> Problem statement
Pictures aside, return every line below exactly as written.

** Data supplied follows **

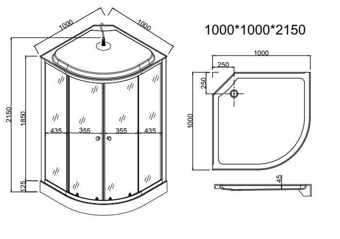 Душевая кабина EvaGold EG210009 100х100x215 см с низким поддоном и сифоном в комплекте, цвет задних стенок - чёрный.
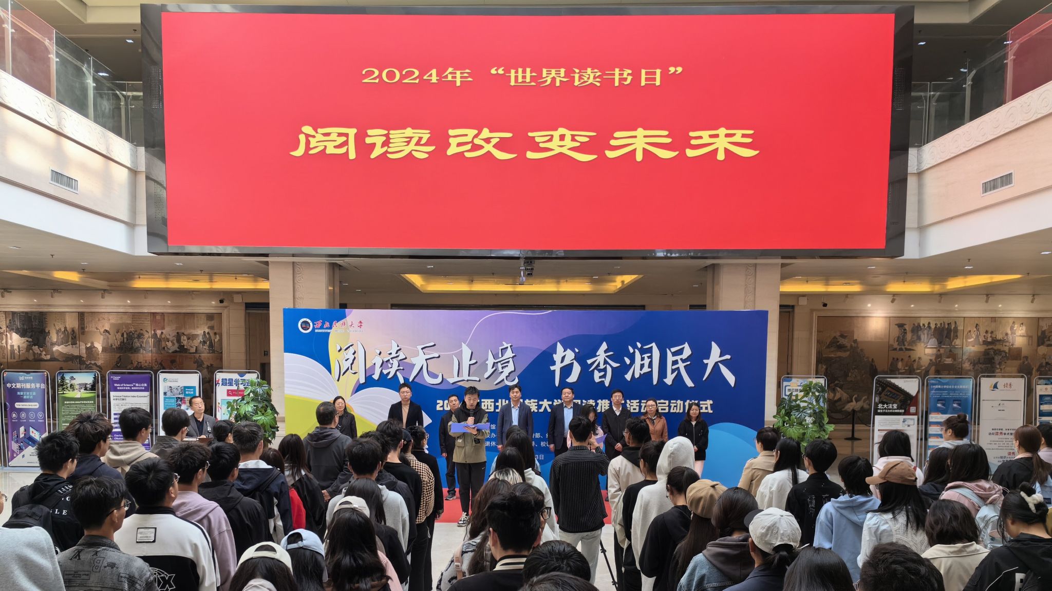 此次活动旨在深入学习贯彻习近平文化思想,强化图书馆文化育人功能,倡导全体学生积极参与阅读活动,形成爱好书、读好书、善读书的浓厚书香校园氛围。启动仪式上介绍了2024年阅读推广系列活动具体内容,向获得2023年度校园“借阅达人” “学习之星”的学生代表颁发荣誉证书,发起“走进图书馆,借阅经典书籍,积极参与阅读活动”的倡议。
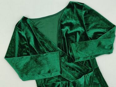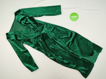 Sukienka damska w kolorze butelkowej zieleni z subtelnym połyskiem siateczki. - Krój: kopertowa góra z zakładkami, odcięcie i delikatne marszczenie w talii, rozkloszowany dół. - Rękawy: długie, z ...
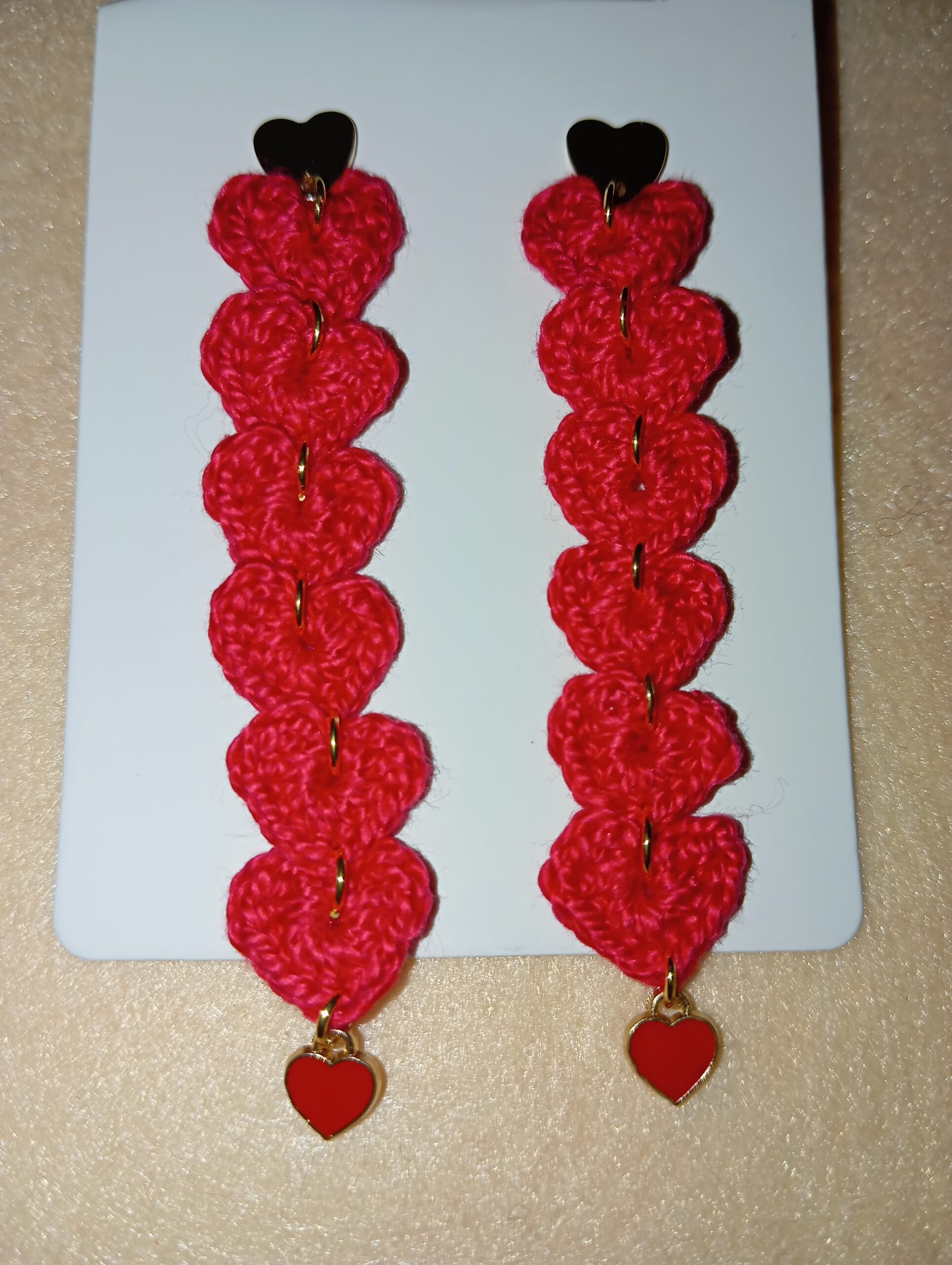 Pendientes de «San Valentín» corazones en crochet rojos y colgantes en acero dorado.
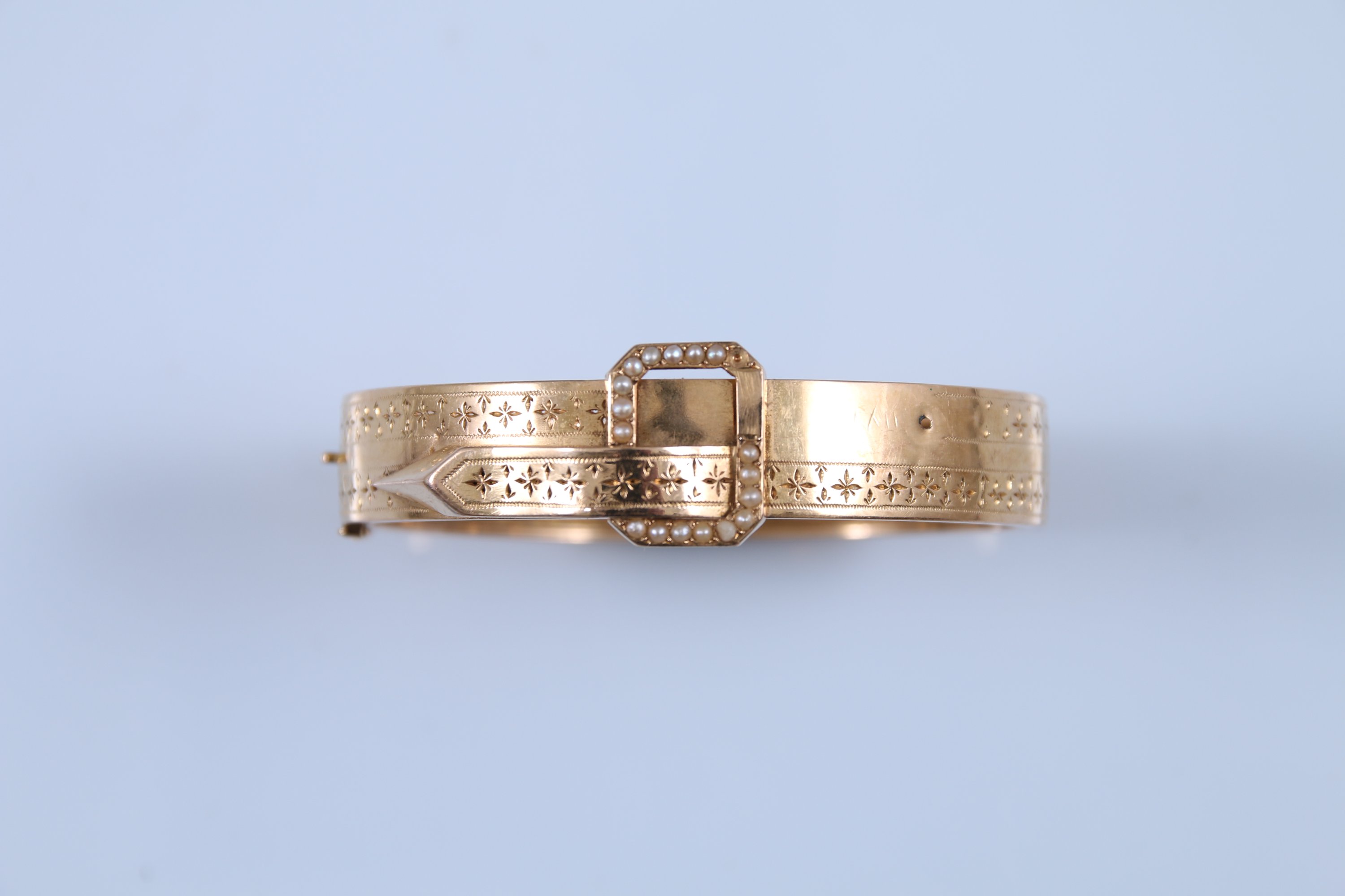 Or jaune 750 millièmes, orné d'une boucle sertie de semences de perles.
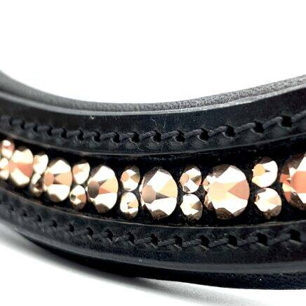 Ręcznie wykonany naczółek ozdobiony kryształkami w kolorze różowego złota.
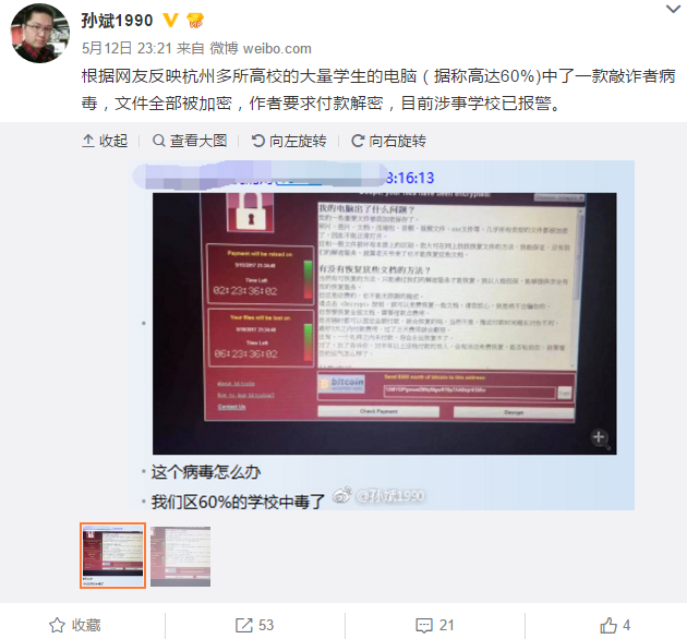 【4】全国各地的高校内网的敲诈者蠕虫感染攻击爆发
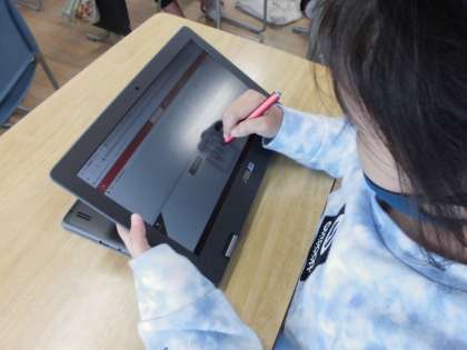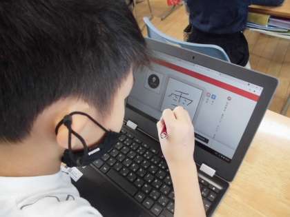 子供たちに、パソコンの学習で使うタッチペンをお渡しました。クラウドドリルで漢字を書くとき、文字入力をするときなどに使っていきます。
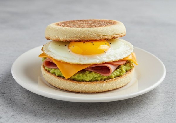 English muffin con jamón de pavo, huevo estrellado, aguacate fresco y queso cheddar derretido.
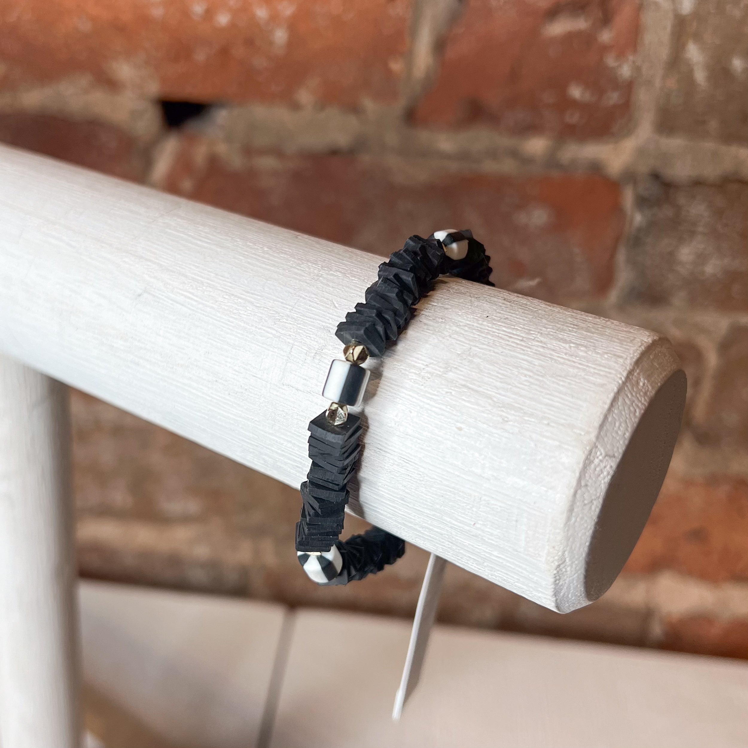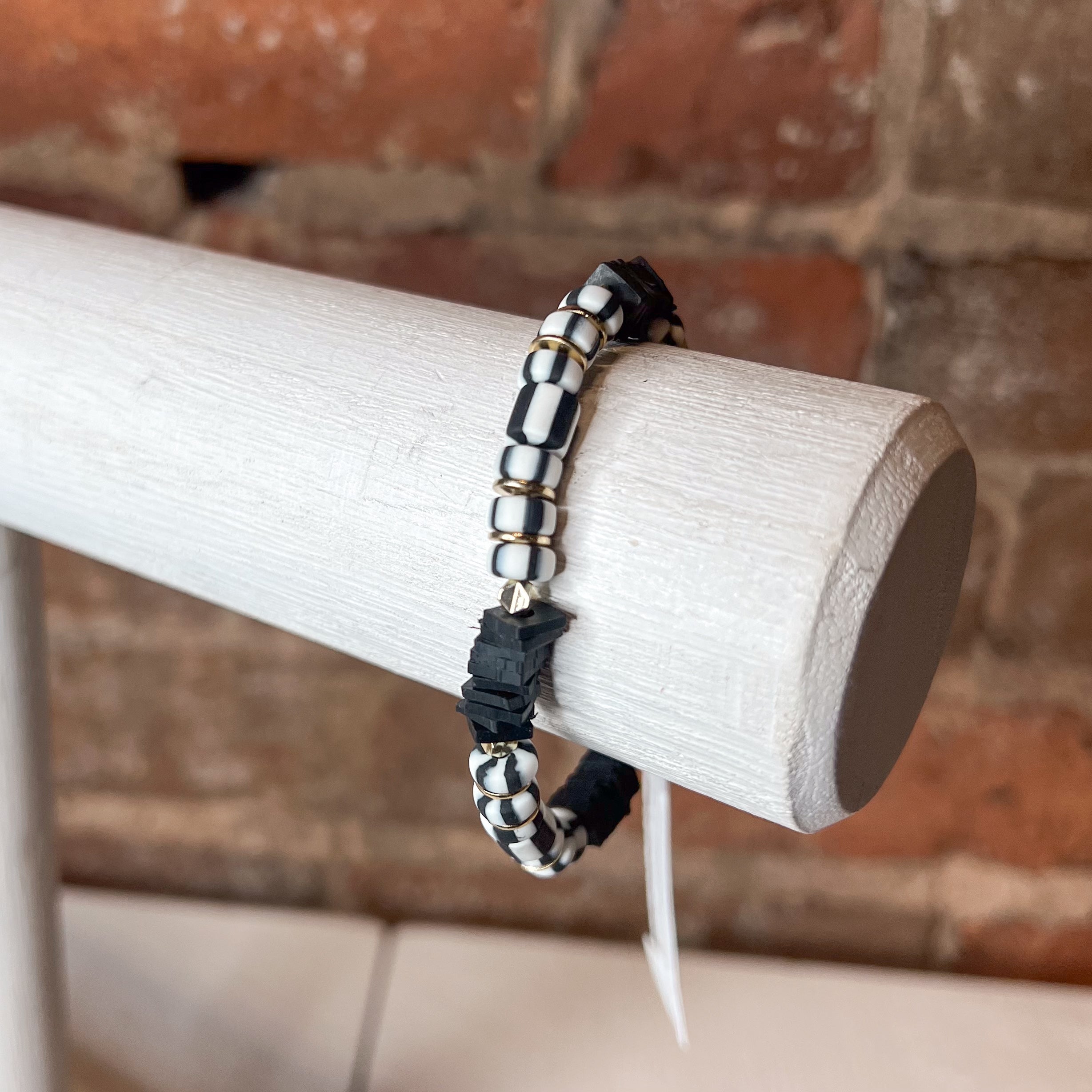 This Black Chunky Heishi Bracelet features a variety of bold black, sleek gold, and crisp white beads, creating a unique and stylish accessory. Elevate your outfit with this eye-catching bracelet that adds a touch of sophistication to any look.

** End of Data supplied **

> Result for this exercise
 Душевая кабина EvaGold EG210009 100х100x215 см с низким поддоном и сифоном в комплекте, цвет задних стенок - чёрный.
 此次活动旨在深入学习贯彻习近平文化思想,强化图书馆文化育人功能,倡导全体学生积极参与阅读活动,形成爱好书、读好书、善读书的浓厚书香校园氛围。启动仪式上介绍了2024年阅读推广系列活动具体内容,向获得2023年度校园“借阅达人” “学习之星”的学生代表颁发荣誉证书,发起“走进图书馆,借阅经典书籍,积极参与阅读活动”的倡议。
 Sukienka damska w kolorze butelkowej zieleni z subtelnym połyskiem siateczki. - Krój: kopertowa góra z zakładkami, odcięcie i delikatne marszczenie w talii, rozkloszowany dół. - Rękawy: długie, z ...
 Pendientes de «San Valentín» corazones en crochet rojos y colgantes en acero dorado.
 Or jaune 750 millièmes, orné d'une boucle sertie de semences de perles.
 Ręcznie wykonany naczółek ozdobiony kryształkami w kolorze różowego złota.
 【4】全国各地的高校内网的敲诈者蠕虫感染攻击爆发
 子供たちに、パソコンの学習で使うタッチペンをお渡しました。クラウドドリルで漢字を書くとき、文字入力をするときなどに使っていきます。
 English muffin con jamón de pavo, huevo estrellado, aguacate fresco y queso cheddar derretido.
 This Black Chunky Heishi Bracelet features a variety of bold black, sleek gold, and crisp white beads, creating a unique and stylish accessory. Elevate your outfit with this eye-catching bracelet that adds a touch of sophistication to any look.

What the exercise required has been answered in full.